■ Data extracts ■
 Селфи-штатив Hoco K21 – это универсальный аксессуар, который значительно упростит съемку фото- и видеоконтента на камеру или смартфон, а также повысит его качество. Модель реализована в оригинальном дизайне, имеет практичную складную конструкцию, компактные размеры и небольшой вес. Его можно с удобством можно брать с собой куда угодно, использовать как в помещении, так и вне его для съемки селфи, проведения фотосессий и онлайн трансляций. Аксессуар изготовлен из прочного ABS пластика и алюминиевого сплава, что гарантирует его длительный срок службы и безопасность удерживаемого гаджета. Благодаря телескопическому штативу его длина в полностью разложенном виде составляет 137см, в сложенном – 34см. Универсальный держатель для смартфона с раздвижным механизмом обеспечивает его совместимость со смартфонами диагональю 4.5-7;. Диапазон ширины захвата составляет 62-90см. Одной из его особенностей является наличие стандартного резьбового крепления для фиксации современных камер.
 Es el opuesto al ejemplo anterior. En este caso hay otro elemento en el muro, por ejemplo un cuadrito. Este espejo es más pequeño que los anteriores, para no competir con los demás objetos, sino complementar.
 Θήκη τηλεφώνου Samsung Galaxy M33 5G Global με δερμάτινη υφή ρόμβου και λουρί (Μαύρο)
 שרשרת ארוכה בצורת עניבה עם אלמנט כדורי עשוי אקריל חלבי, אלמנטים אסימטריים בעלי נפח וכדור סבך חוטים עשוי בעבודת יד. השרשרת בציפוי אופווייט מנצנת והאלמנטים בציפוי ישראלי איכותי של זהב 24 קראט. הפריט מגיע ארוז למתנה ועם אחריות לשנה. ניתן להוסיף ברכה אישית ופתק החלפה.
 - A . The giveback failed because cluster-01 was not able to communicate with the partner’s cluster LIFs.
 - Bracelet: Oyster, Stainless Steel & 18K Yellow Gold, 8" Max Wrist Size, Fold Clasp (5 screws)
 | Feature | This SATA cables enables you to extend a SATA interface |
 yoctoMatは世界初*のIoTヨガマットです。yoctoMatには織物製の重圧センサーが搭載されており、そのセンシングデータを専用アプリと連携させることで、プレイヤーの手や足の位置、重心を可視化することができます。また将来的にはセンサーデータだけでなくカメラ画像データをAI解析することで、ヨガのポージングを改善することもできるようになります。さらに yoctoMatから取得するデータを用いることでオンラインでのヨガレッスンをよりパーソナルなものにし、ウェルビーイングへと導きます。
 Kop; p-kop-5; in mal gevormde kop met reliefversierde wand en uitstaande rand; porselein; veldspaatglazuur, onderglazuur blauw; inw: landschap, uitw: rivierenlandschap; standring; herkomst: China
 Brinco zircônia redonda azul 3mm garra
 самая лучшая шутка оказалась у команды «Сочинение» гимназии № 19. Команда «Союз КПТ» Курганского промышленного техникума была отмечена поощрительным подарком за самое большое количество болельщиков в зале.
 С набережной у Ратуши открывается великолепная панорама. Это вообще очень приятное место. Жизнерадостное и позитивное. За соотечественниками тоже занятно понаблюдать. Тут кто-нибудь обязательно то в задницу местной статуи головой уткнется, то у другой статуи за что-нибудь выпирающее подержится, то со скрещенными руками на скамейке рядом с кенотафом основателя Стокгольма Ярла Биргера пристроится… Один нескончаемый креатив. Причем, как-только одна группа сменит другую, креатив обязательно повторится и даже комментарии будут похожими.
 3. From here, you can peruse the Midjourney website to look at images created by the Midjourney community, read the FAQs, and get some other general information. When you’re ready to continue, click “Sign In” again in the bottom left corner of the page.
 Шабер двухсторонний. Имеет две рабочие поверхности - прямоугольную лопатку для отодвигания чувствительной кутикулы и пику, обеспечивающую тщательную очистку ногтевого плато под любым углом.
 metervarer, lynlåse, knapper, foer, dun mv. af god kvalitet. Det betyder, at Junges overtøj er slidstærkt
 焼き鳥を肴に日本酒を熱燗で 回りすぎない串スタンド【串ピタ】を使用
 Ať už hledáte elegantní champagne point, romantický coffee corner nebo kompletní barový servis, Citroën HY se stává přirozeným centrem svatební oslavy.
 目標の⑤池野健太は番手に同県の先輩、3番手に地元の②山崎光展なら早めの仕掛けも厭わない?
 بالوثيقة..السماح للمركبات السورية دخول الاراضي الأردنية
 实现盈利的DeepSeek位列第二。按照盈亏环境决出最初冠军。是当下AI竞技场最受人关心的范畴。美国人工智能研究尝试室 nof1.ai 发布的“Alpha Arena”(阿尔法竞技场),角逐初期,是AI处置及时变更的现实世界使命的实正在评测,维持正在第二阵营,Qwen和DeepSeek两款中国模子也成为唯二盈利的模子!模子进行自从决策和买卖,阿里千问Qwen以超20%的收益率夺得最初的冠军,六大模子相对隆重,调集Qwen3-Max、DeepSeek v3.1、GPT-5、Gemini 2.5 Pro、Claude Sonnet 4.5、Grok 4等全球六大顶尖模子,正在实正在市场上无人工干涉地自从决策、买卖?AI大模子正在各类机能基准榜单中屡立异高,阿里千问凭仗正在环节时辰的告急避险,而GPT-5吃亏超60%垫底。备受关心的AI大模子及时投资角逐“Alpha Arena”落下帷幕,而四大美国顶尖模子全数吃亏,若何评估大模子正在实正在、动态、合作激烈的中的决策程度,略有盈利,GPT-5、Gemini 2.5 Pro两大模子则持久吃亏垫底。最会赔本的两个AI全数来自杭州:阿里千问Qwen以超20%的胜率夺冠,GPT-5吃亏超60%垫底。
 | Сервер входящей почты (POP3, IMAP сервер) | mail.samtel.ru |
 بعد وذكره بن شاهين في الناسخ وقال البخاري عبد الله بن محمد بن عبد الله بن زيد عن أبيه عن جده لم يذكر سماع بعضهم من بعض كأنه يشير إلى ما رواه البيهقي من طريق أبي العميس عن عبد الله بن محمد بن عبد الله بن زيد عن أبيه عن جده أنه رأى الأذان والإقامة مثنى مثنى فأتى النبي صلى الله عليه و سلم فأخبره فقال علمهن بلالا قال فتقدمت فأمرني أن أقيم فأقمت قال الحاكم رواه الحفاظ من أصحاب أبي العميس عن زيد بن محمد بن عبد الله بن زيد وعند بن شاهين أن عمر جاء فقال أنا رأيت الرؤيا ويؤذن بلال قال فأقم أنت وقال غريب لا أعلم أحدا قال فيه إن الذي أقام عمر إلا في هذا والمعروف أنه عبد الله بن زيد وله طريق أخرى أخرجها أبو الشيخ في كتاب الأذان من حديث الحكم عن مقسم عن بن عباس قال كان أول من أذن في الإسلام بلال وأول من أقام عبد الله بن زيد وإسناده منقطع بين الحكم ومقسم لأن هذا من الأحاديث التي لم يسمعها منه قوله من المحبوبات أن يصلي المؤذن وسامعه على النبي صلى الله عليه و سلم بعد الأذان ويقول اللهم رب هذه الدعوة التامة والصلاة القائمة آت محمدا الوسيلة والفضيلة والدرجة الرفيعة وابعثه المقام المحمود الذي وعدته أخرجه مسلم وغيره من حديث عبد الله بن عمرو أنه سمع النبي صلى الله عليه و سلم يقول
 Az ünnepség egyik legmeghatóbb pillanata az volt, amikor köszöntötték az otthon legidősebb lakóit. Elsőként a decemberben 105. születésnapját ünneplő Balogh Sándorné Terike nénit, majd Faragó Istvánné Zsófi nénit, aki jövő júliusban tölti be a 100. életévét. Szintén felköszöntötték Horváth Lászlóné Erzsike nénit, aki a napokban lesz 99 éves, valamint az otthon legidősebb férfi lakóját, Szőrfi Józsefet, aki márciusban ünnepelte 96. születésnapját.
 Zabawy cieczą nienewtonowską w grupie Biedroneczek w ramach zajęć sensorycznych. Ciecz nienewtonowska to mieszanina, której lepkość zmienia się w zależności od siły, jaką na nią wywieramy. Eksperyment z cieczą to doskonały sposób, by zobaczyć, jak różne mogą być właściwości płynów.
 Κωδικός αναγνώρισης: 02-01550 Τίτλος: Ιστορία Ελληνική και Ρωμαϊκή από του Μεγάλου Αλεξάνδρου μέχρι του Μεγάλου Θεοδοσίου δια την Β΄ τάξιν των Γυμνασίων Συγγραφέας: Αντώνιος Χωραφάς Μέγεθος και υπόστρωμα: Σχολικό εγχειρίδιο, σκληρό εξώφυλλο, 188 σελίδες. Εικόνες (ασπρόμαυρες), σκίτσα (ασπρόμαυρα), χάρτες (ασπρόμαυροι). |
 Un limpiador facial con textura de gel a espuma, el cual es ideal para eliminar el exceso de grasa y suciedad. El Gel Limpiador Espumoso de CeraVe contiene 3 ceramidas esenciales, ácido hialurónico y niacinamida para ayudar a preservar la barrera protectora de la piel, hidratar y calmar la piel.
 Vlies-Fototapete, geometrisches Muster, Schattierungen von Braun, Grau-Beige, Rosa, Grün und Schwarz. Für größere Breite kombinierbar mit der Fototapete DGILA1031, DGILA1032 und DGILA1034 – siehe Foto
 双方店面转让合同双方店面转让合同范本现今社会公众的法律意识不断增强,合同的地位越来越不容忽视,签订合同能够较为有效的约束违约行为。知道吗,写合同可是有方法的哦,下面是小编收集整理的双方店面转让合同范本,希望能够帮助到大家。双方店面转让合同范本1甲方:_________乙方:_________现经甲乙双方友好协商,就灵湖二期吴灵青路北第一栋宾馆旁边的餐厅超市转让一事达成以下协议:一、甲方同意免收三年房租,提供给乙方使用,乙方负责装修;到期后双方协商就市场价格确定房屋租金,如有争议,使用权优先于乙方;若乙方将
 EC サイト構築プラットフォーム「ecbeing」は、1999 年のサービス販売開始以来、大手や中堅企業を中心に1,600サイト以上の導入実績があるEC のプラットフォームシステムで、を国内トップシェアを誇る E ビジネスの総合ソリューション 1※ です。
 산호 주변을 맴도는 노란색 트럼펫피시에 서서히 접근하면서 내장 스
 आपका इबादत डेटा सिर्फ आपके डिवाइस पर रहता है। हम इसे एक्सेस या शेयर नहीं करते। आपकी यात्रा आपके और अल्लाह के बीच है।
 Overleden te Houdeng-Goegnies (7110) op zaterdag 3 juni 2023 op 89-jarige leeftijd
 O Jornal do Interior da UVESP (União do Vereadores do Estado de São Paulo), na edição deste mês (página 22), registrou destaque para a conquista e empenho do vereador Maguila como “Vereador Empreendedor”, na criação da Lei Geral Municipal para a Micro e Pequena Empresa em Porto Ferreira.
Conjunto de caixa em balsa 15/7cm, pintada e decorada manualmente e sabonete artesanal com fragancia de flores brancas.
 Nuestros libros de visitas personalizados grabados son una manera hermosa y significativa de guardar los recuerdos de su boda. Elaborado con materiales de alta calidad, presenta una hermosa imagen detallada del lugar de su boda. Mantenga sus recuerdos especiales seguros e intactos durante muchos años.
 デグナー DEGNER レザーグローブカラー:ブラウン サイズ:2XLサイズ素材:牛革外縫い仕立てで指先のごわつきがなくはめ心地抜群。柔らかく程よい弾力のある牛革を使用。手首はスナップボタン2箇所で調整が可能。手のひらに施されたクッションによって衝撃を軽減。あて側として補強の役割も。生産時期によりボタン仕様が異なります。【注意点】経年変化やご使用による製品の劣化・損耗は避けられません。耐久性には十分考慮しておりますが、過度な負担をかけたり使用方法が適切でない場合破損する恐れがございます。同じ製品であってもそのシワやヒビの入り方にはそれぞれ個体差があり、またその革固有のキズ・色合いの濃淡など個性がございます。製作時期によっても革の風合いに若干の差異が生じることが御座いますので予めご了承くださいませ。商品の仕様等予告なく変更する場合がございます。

■ What you have to do ■
Starting with the line that holds "SATA interface |" and ending with the line that holds "Kop; p-kop-5; in", retype every line in the data above exactly, and nothing else.

■ Your solution ■
 | Feature | This SATA cables enables you to extend a SATA interface |
 yoctoMatは世界初*のIoTヨガマットです。yoctoMatには織物製の重圧センサーが搭載されており、そのセンシングデータを専用アプリと連携させることで、プレイヤーの手や足の位置、重心を可視化することができます。また将来的にはセンサーデータだけでなくカメラ画像データをAI解析することで、ヨガのポージングを改善することもできるようになります。さらに yoctoMatから取得するデータを用いることでオンラインでのヨガレッスンをよりパーソナルなものにし、ウェルビーイングへと導きます。
 Kop; p-kop-5; in mal gevormde kop met reliefversierde wand en uitstaande rand; porselein; veldspaatglazuur, onderglazuur blauw; inw: landschap, uitw: rivierenlandschap; standring; herkomst: China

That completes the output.